Nobody thinks they should exist. Nobody is going to sit here and say that it's good for bad things to exist.
>If these characters are supposed to be taken seriously then the way the world is presented needs to be as well. With linear progression that actual evolves & eventually ends the characters stories. Not keep them going forever.
That does happen. Ultimate Peter Parker died. The universe continued, but his story ended. They did a later volume also called Ultimate Spider-Man, but it was a new story with a new protagonist that took place after the ending of the previous story.
>Manga & fiction series novels can do this. Why can't american comics get this simple idea right?
They do. You just ignore the endings because you don't like the idea that other stories happen in the same universe, yet you also completely ignore the stories that don't happen in shared universes.
>No you can't just keep excusing these shit with "Well this run is good" & expect people to actually want to read comics. No. Either a series is good as a whole or it's shit.

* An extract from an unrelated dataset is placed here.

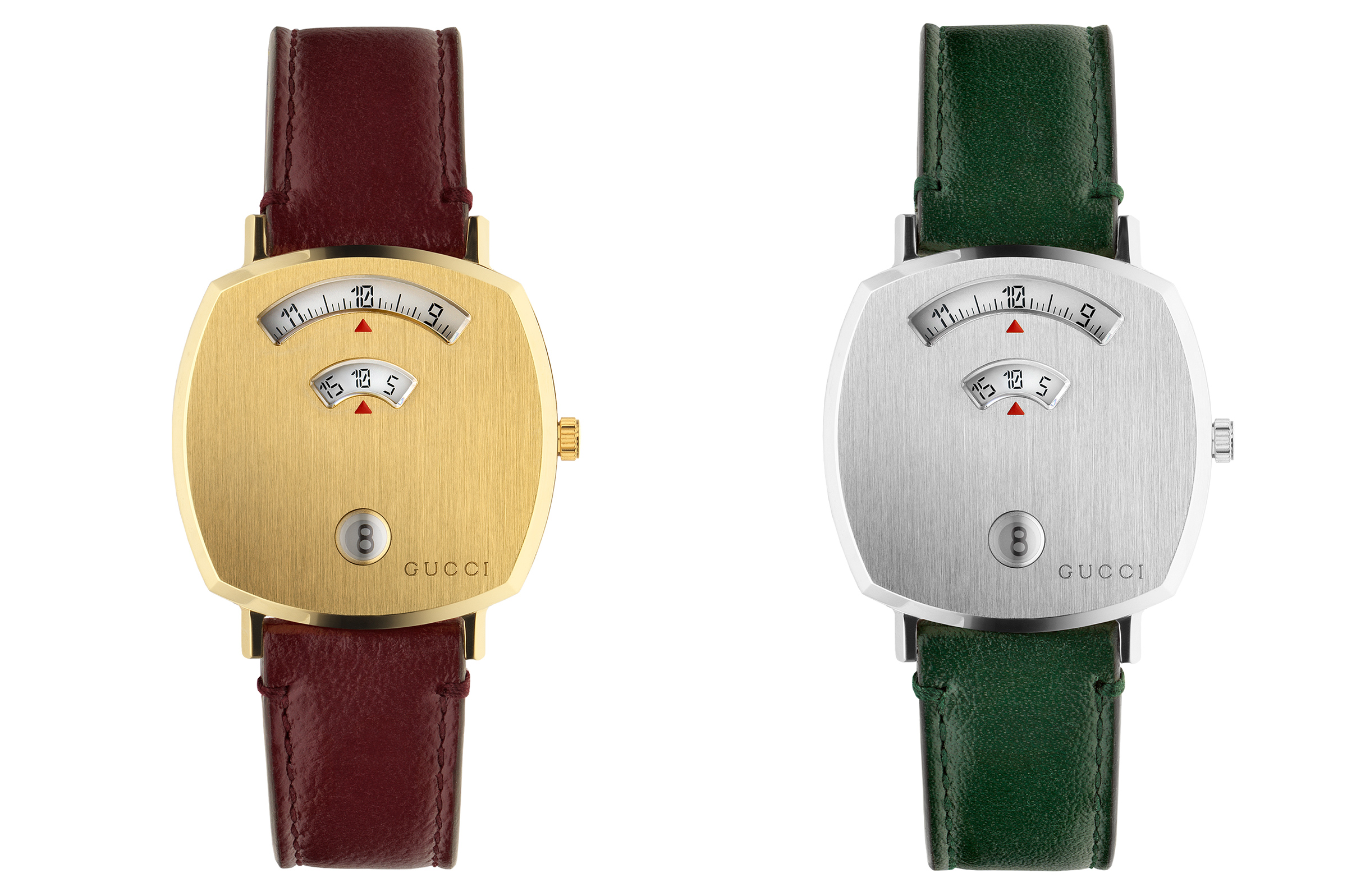 For their latest release, the Grip, Gucci devised several iterations of a watch with a rounded-square case with three windows. These unisex Quartz timepiece balance vintage sophistication with future-forward time-telling. The cases have been crafted in steel and yellow gold PVD—and come with either leather straps or bracelets. There’s also easy legibility here—with one window dedicated to hour, another to minutes and the last to the date.

Well that's just retarded. I can find flaws in anything. It doesn't mean those things can't still be overall enjoyable. But also, you're double retarded in this particular instance. A later entry in a series does not retroactively make the whole series bad, unless it's really the type of thing where everything is just a chapter and it was always intended to be viewed as only one story. Whatever shitty James Bond movie comes out next won't make Goldfinger a bad movie. New Doctor Who or Star Trek doesn't go back in time to the 1960s and make those series bad. Now, modern comics do increasingly rely on very long-form stories that are many chapters long. A bad ending to a particular story arc can make that story bad. But to say that Dan Slott's run on Spider-Man retroactively makes Ditko's stories bad is absurd.